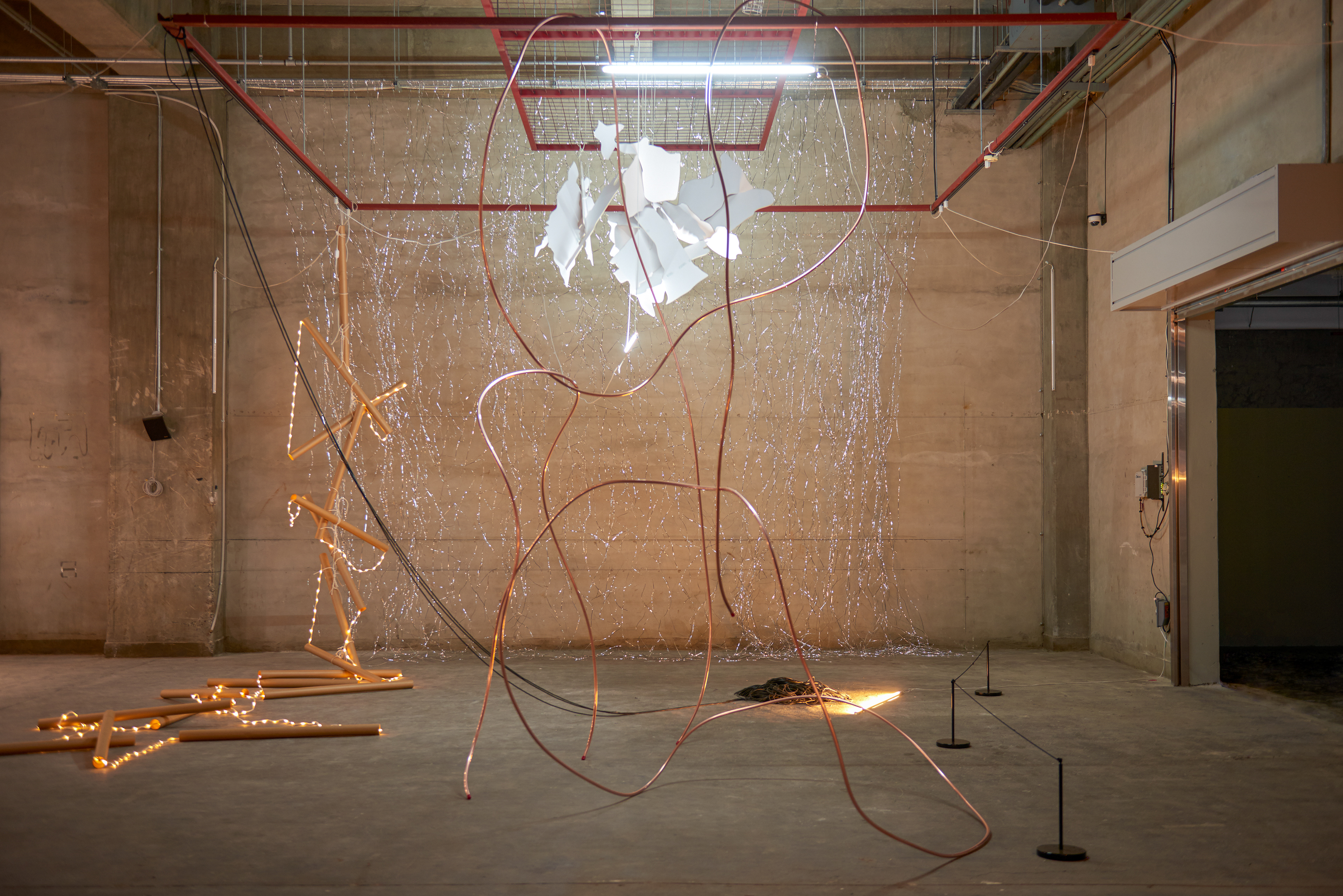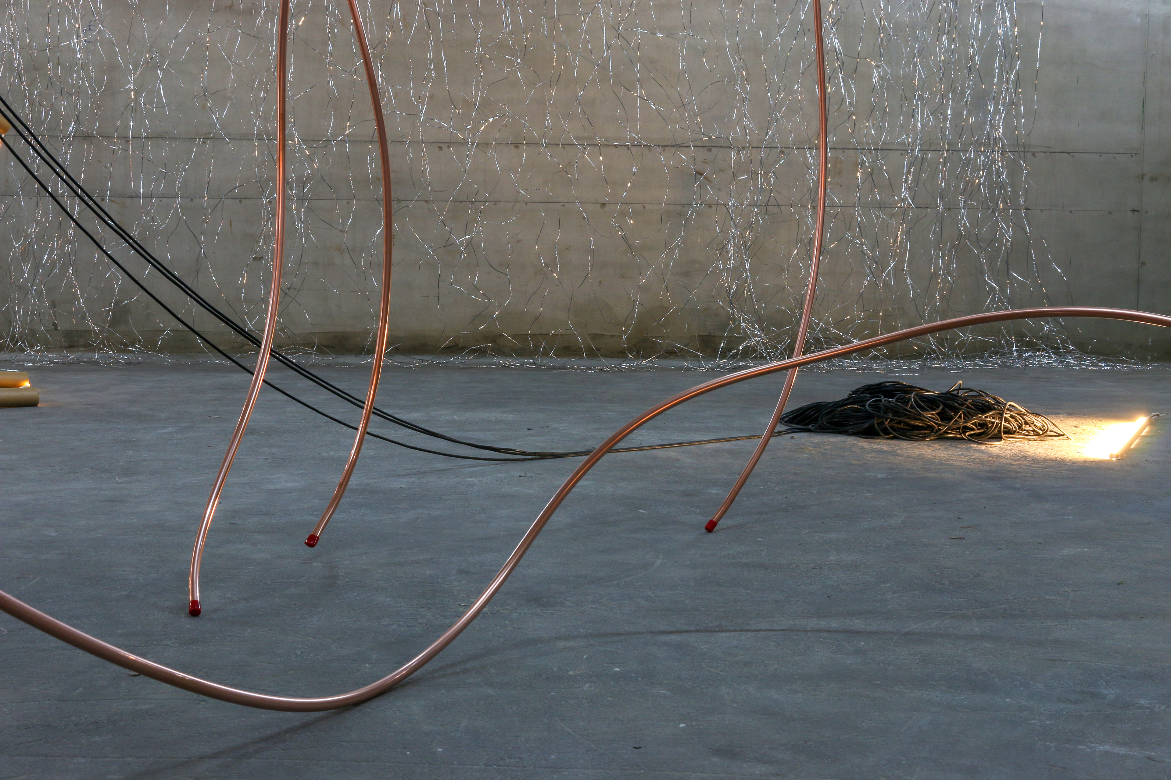 This chandelier is hanging parasitic over the existing ceiling structure. It adapts to the situation, but resists flexible mobility. Once the exhibition is over it will sacrifice itself for the sake of uniqueness.
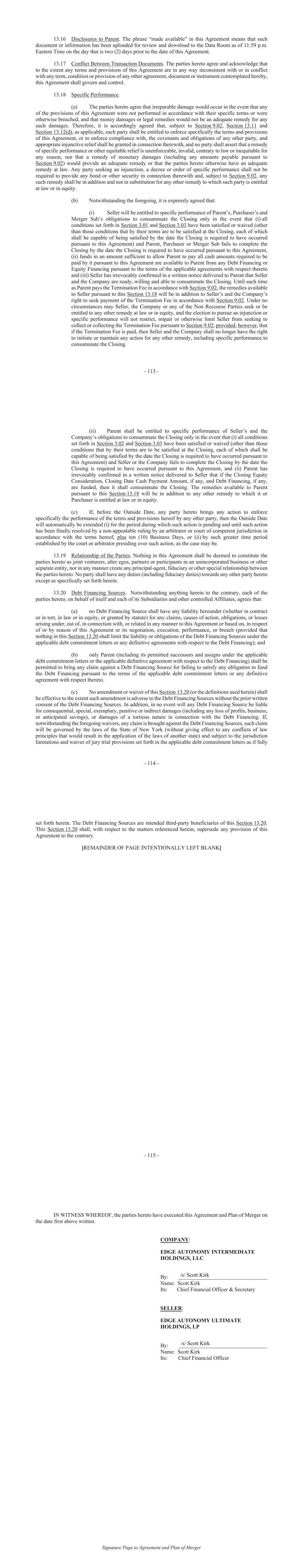 - 113 - 13.16 Disclosures to Parent. The phrase “made available” in this Agreement means that such document or information has been uploaded for review and download to the Data Room as of 11:59 p.m. Eastern Time on the day that is two (2) days prior to the date of this Agreement. 13.17 Conflict Between Transaction Documents. The parties hereto agree and acknowledge that to the extent any terms and provisions of this Agreement are in any way inconsistent with or in conflict with any term, condition or provision of any other agreement, document or instrument contemplated hereby, this Agreement shall govern and control. 13.18 Specific Performance. (a) The parties hereto agree that irreparable damage would occur in the event that any of the provisions of this Agreement were not performed in accordance with their specific terms or were otherwise breached, and that money damages or legal remedies would not be an adequate remedy for any such damages. Therefore, it is accordingly agreed that, subject to Section 9.02, Section 13.11 and Section 13.12(d), as applicable, each party shall be entitled to enforce specifically the terms and provisions of this Agreement, or to enforce compliance with, the covenants and obligations of any other party, and appropriate injunctive relief shall be granted in connection therewith, and no party shall assert that a remedy of specific performance or other equitable relief is unenforceable, invalid, contrary to law or inequitable for any reason, nor that a remedy of monetary damages (including any amounts payable pursuant to Section 9.02) would provide an adequate remedy or that the parties hereto otherwise have an adequate remedy at law. Any party seeking an injunction, a decree or order of specific performance shall not be required to provide any bond or other security in connection therewith and, subject to Section 9.02, any such remedy shall be in addition and not in substitution for any other remedy to which such party is entitled at law or in equity. (b) Notwithstanding the foregoing, it is expressly agreed that: (i) Seller will be entitled to specific performance of Parent’s, Purchaser’s and Merger Sub’s obligations to consummate the Closing only in the event that (i) all conditions set forth in Section 3.01 and Section 3.03 have been satisfied or waived (other than those conditions that by their terms are to be satisfied at the Closing, each of which shall be capable of being satisfied by the date the Closing is required to have occurred pursuant to this Agreement) and Parent, Purchaser or Merger Sub fails to complete the Closing by the date the Closing is required to have occurred pursuant to this Agreement, (ii) funds in an amount sufficient to allow Parent to pay all cash amounts required to be paid by it pursuant to this Agreement are available to Parent from any Debt Financing or Equity Financing pursuant to the terms of the applicable agreements with respect thereto and (iii) Seller has irrevocably confirmed in a written notice delivered to Parent that Seller and the Company are ready, willing and able to consummate the Closing. Until such time as Parent pays the Termination Fee in accordance with Section 9.02, the remedies available to Seller pursuant to this Section 13.18 will be in addition to Seller’s and the Company’s right to seek payment of the Termination Fee in accordance with Section 9.02. Under no circumstances may Seller, the Company or any of the Non Recourse Parties seek or be entitled to any other remedy at law or in equity, and the election to pursue an injunction or specific performance will not restrict, impair or otherwise limit Seller from seeking to collect or collecting the Termination Fee pursuant to Section 9.02; provided, however, that if the Termination Fee is paid, then Seller and the Company shall no longer have the right to initiate or maintain any action for any other remedy, including specific performance to consummate the Closing. - 114 - (ii) Parent shall be entitled to specific performance of Seller’s and the Company’s obligations to consummate the Closing only in the event that (i) all conditions set forth in Section 3.02 and Section 3.03 have been satisfied or waived (other than those conditions that by their terms are to be satisfied at the Closing, each of which shall be capable of being satisfied by the date the Closing is required to have occurred pursuant to this Agreement) and Seller or the Company fails to complete the Closing by the date the Closing is required to have occurred pursuant to this Agreement, and (ii) Parent has irrevocably confirmed in a written notice delivered to Seller that if the Closing Equity Consideration, Closing Date Cash Payment Amount, if any, and Debt Financing, if any, are funded, then it shall consummate the Closing. The remedies available to Parent pursuant to this Section 13.18 will be in addition to any other remedy to which it or Purchaser is entitled at law or in equity. (c) If, before the Outside Date, any party hereto brings any action to enforce specifically the performance of the terms and provisions hereof by any other party, then the Outside Date will automatically be extended (i) for the period during which such action is pending and until such action has been finally resolved by a non-appealable ruling by an arbitrator or court of competent jurisdiction in accordance with the terms hereof, plus ten (10) Business Days, or (ii) by such greater time period established by the court or arbitrator presiding over such action, as the case may be. 13.19 Relationship of the Parties. Nothing in this Agreement shall be deemed to constitute the parties hereto as joint venturers, alter egos, partners or participants in an unincorporated business or other separate entity, nor in any manner create any principal-agent, fiduciary or other special relationship between the parties hereto. No party shall have any duties (including fiduciary duties) towards any other par
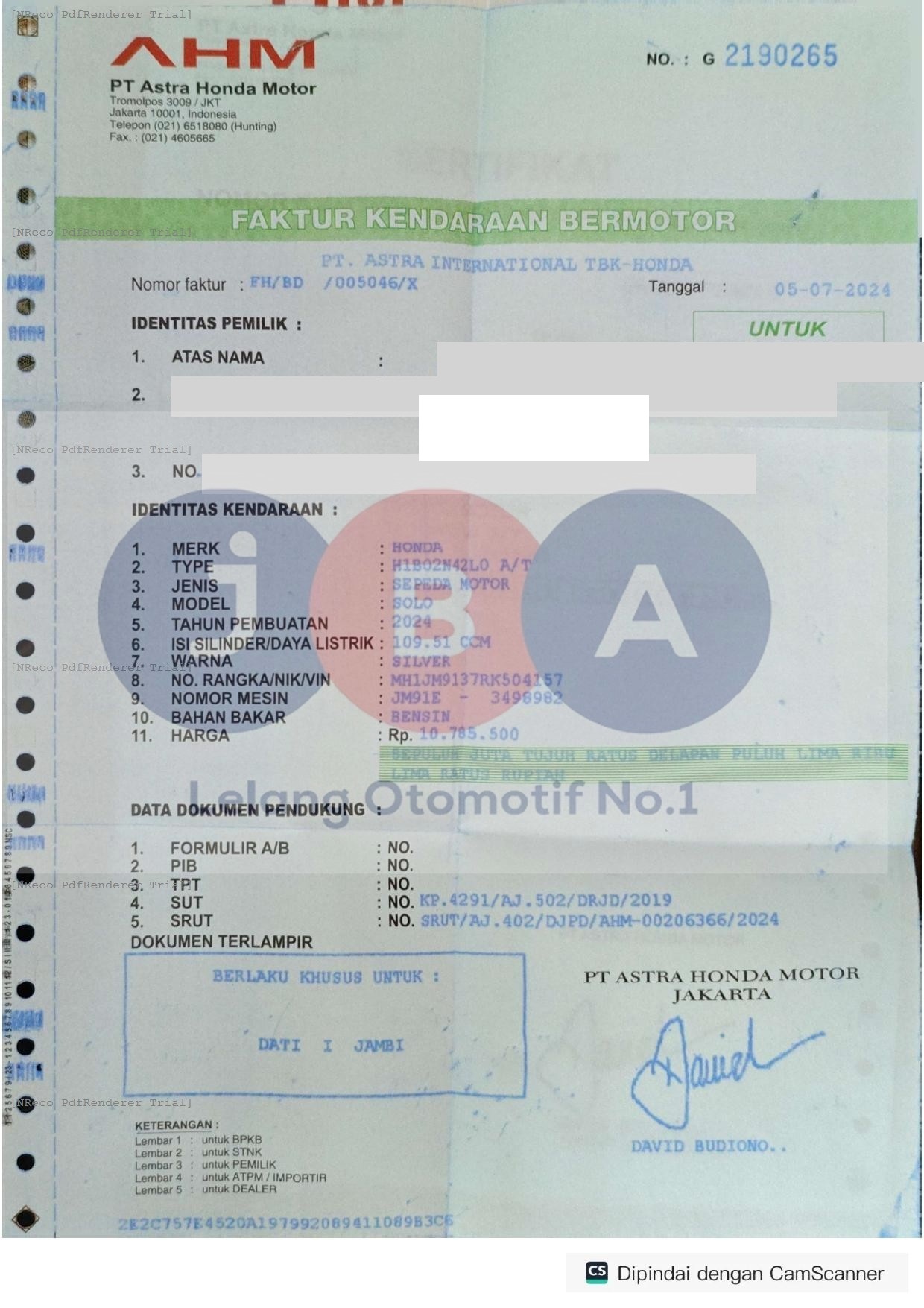 Nomor Rangka
● ● ● ●
Retype the data exactly; images stay out.

Exercise response |
 This chandelier is hanging parasitic over the existing ceiling structure. It adapts to the situation, but resists flexible mobility. Once the exhibition is over it will sacrifice itself for the sake of uniqueness.
 - 113 - 13.16 Disclosures to Parent. The phrase “made available” in this Agreement means that such document or information has been uploaded for review and download to the Data Room as of 11:59 p.m. Eastern Time on the day that is two (2) days prior to the date of this Agreement. 13.17 Conflict Between Transaction Documents. The parties hereto agree and acknowledge that to the extent any terms and provisions of this Agreement are in any way inconsistent with or in conflict with any term, condition or provision of any other agreement, document or instrument contemplated hereby, this Agreement shall govern and control. 13.18 Specific Performance. (a) The parties hereto agree that irreparable damage would occur in the event that any of the provisions of this Agreement were not performed in accordance with their specific terms or were otherwise breached, and that money damages or legal remedies would not be an adequate remedy for any such damages. Therefore, it is accordingly agreed that, subject to Section 9.02, Section 13.11 and Section 13.12(d), as applicable, each party shall be entitled to enforce specifically the terms and provisions of this Agreement, or to enforce compliance with, the covenants and obligations of any other party, and appropriate injunctive relief shall be granted in connection therewith, and no party shall assert that a remedy of specific performance or other equitable relief is unenforceable, invalid, contrary to law or inequitable for any reason, nor that a remedy of monetary damages (including any amounts payable pursuant to Section 9.02) would provide an adequate remedy or that the parties hereto otherwise have an adequate remedy at law. Any party seeking an injunction, a decree or order of specific performance shall not be required to provide any bond or other security in connection therewith and, subject to Section 9.02, any such remedy shall be in addition and not in substitution for any other remedy to which such party is entitled at law or in equity. (b) Notwithstanding the foregoing, it is expressly agreed that: (i) Seller will be entitled to specific performance of Parent’s, Purchaser’s and Merger Sub’s obligations to consummate the Closing only in the event that (i) all conditions set forth in Section 3.01 and Section 3.03 have been satisfied or waived (other than those conditions that by their terms are to be satisfied at the Closing, each of which shall be capable of being satisfied by the date the Closing is required to have occurred pursuant to this Agreement) and Parent, Purchaser or Merger Sub fails to complete the Closing by the date the Closing is required to have occurred pursuant to this Agreement, (ii) funds in an amount sufficient to allow Parent to pay all cash amounts required to be paid by it pursuant to this Agreement are available to Parent from any Debt Financing or Equity Financing pursuant to the terms of the applicable agreements with respect thereto and (iii) Seller has irrevocably confirmed in a written notice delivered to Parent that Seller and the Company are ready, willing and able to consummate the Closing. Until such time as Parent pays the Termination Fee in accordance with Section 9.02, the remedies available to Seller pursuant to this Section 13.18 will be in addition to Seller’s and the Company’s right to seek payment of the Termination Fee in accordance with Section 9.02. Under no circumstances may Seller, the Company or any of the Non Recourse Parties seek or be entitled to any other remedy at law or in equity, and the election to pursue an injunction or specific performance will not restrict, impair or otherwise limit Seller from seeking to collect or collecting the Termination Fee pursuant to Section 9.02; provided, however, that if the Termination Fee is paid, then Seller and the Company shall no longer have the right to initiate or maintain any action for any other remedy, including specific performance to consummate the Closing. - 114 - (ii) Parent shall be entitled to specific performance of Seller’s and the Company’s obligations to consummate the Closing only in the event that (i) all conditions set forth in Section 3.02 and Section 3.03 have been satisfied or waived (other than those conditions that by their terms are to be satisfied at the Closing, each of which shall be capable of being satisfied by the date the Closing is required to have occurred pursuant to this Agreement) and Seller or the Company fails to complete the Closing by the date the Closing is required to have occurred pursuant to this Agreement, and (ii) Parent has irrevocably confirmed in a written notice delivered to Seller that if the Closing Equity Consideration, Closing Date Cash Payment Amount, if any, and Debt Financing, if any, are funded, then it shall consummate the Closing. The remedies available to Parent pursuant to this Section 13.18 will be in addition to any other remedy to which it or Purchaser is entitled at law or in equity. (c) If, before the Outside Date, any party hereto brings any action to enforce specifically the performance of the terms and provisions hereof by any other party, then the Outside Date will automatically be extended (i) for the period during which such action is pending and until such action has been finally resolved by a non-appealable ruling by an arbitrator or court of competent jurisdiction in accordance with the terms hereof, plus ten (10) Business Days, or (ii) by such greater time period established by the court or arbitrator presiding over such action, as the case may be. 13.19 Relationship of the Parties. Nothing in this Agreement shall be deemed to constitute the parties hereto as joint venturers, alter egos, partners or participants in an unincorporated business or other separate entity, nor in any manner create any principal-agent, fiduciary or other special relationship between the parties hereto. No party shall have any duties (including fiduciary duties) towards any other par
 Nomor Rangka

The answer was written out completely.